- YOUR GOAL: Images are to be excluded, and the rest of the data repeated exactly.

- GIVEN DATA:
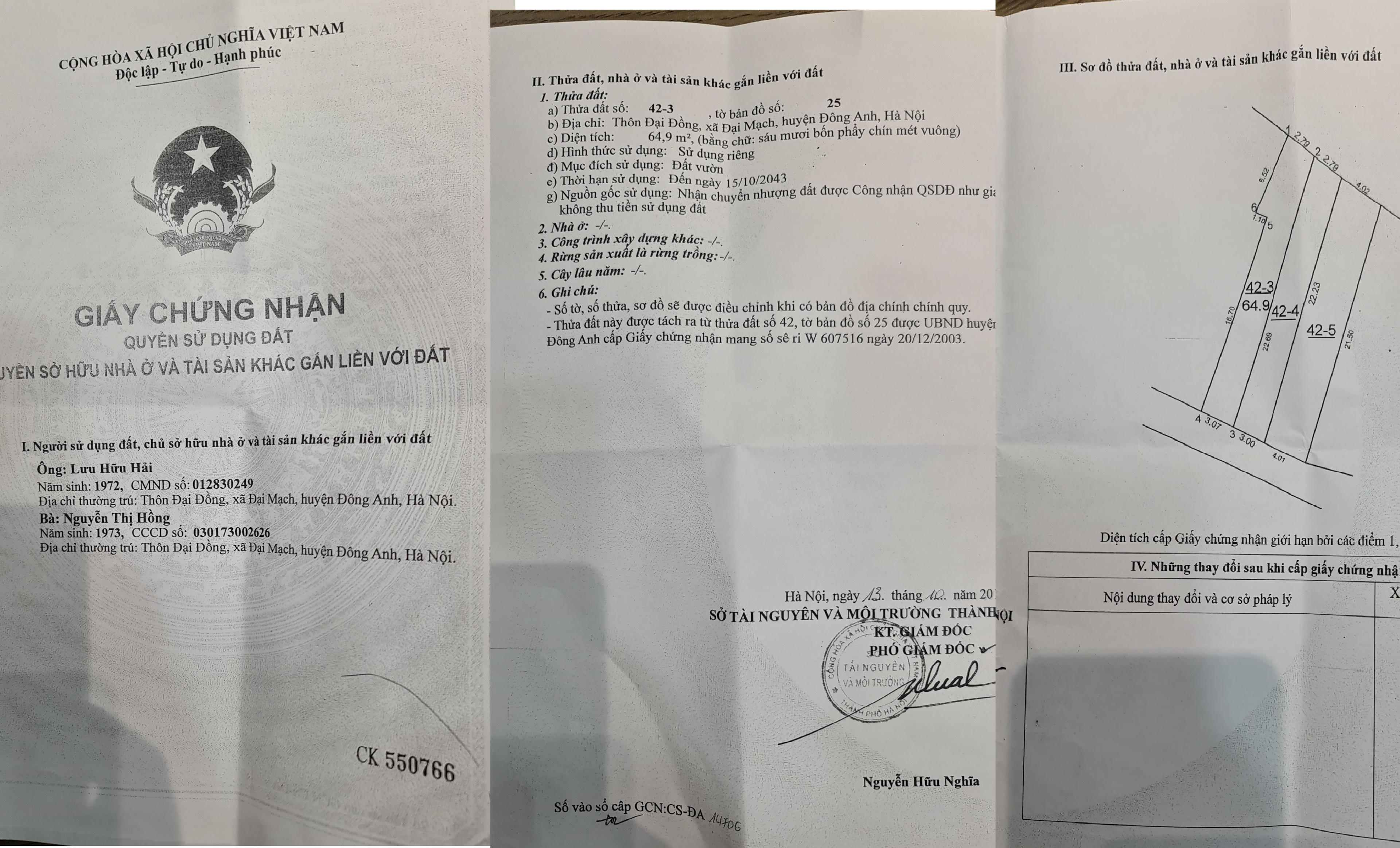 Theo ông Lưu Hữu Hải (thôn Đại Đồng, xã Đại Mạch, Đông Anh, Hà Nội) cho biết: Gia đình anh đang sở hữu một thửa đất số 42-3, tờ bản đồ số 25 với diện tích 64,9 m2 tại thôn Đại Đồng, xã Đại Mạch, Đông Anh, Hà Nội đã được Sở Tài Nguyên và Môi trường TP. Hà Nội cấp Giấy chứng nhận quyền sử dụng và tài sản gắn liền trên đất (GCNQSDĐ) số: CK550766 vào ngày 13/10/2017.
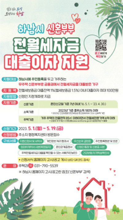하남시, 신혼부부 전월세자금 대출이자 최대 100만원 지원
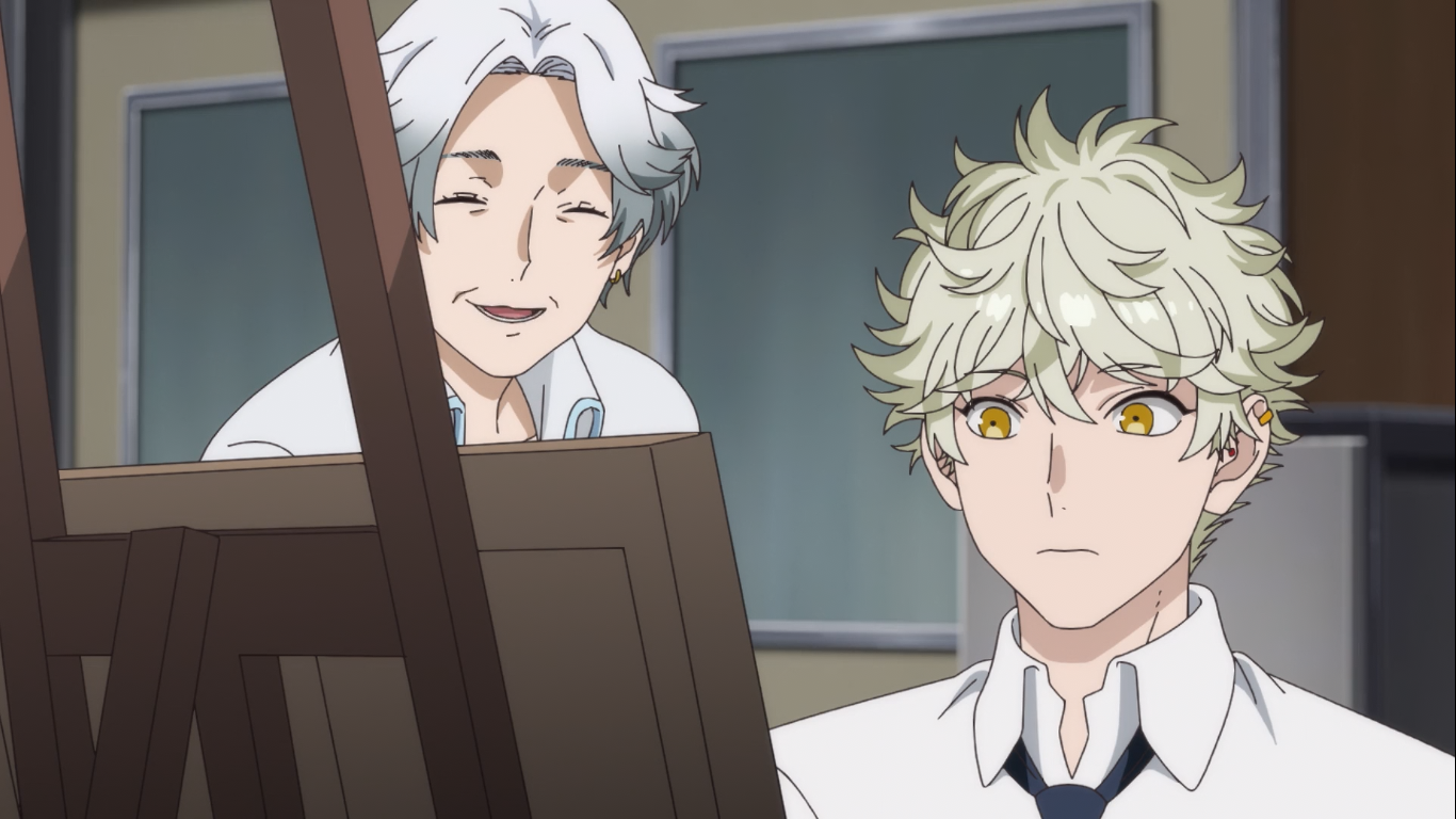 The first and the obvious one of these being sound. While we get to hear the background score for Blue Period only for about a fifth of the episode’s runtime, its lush and gentle undertones complement each such scene perfectly while never taking center stage. The sound director, Hiromi Kikuta, really understands the kind of melodies that should permeate this world and brings them to life delectably. And yet, the real star of the show here has to be the simply outstanding VA work that the entire cast is pulling off. Every single character, even if they may have only a single line of dialogue commits to the role they’ve been given. There’s no exaggeration and all the emotions are conveyed with the most naturalistic delivery possible. It’s especially the scenes carrying heavy emotional weight like the ones between Yatora and his mother and the simply stunning voice break that Ryuuji’s voice actor pulls off in the scene when Mori-senpai is being congratulated, revealing the natural depth of his masculine voice which he subconsciously tries to keep veiled behind his chosen femininity, which are for me a marked improvement over the manga.

- WRITTEN RESPONSE:
 Theo ông Lưu Hữu Hải (thôn Đại Đồng, xã Đại Mạch, Đông Anh, Hà Nội) cho biết: Gia đình anh đang sở hữu một thửa đất số 42-3, tờ bản đồ số 25 với diện tích 64,9 m2 tại thôn Đại Đồng, xã Đại Mạch, Đông Anh, Hà Nội đã được Sở Tài Nguyên và Môi trường TP. Hà Nội cấp Giấy chứng nhận quyền sử dụng và tài sản gắn liền trên đất (GCNQSDĐ) số: CK550766 vào ngày 13/10/2017.
하남시, 신혼부부 전월세자금 대출이자 최대 100만원 지원
 The first and the obvious one of these being sound. While we get to hear the background score for Blue Period only for about a fifth of the episode’s runtime, its lush and gentle undertones complement each such scene perfectly while never taking center stage. The sound director, Hiromi Kikuta, really understands the kind of melodies that should permeate this world and brings them to life delectably. And yet, the real star of the show here has to be the simply outstanding VA work that the entire cast is pulling off. Every single character, even if they may have only a single line of dialogue commits to the role they’ve been given. There’s no exaggeration and all the emotions are conveyed with the most naturalistic delivery possible. It’s especially the scenes carrying heavy emotional weight like the ones between Yatora and his mother and the simply stunning voice break that Ryuuji’s voice actor pulls off in the scene when Mori-senpai is being congratulated, revealing the natural depth of his masculine voice which he subconsciously tries to keep veiled behind his chosen femininity, which are for me a marked improvement over the manga.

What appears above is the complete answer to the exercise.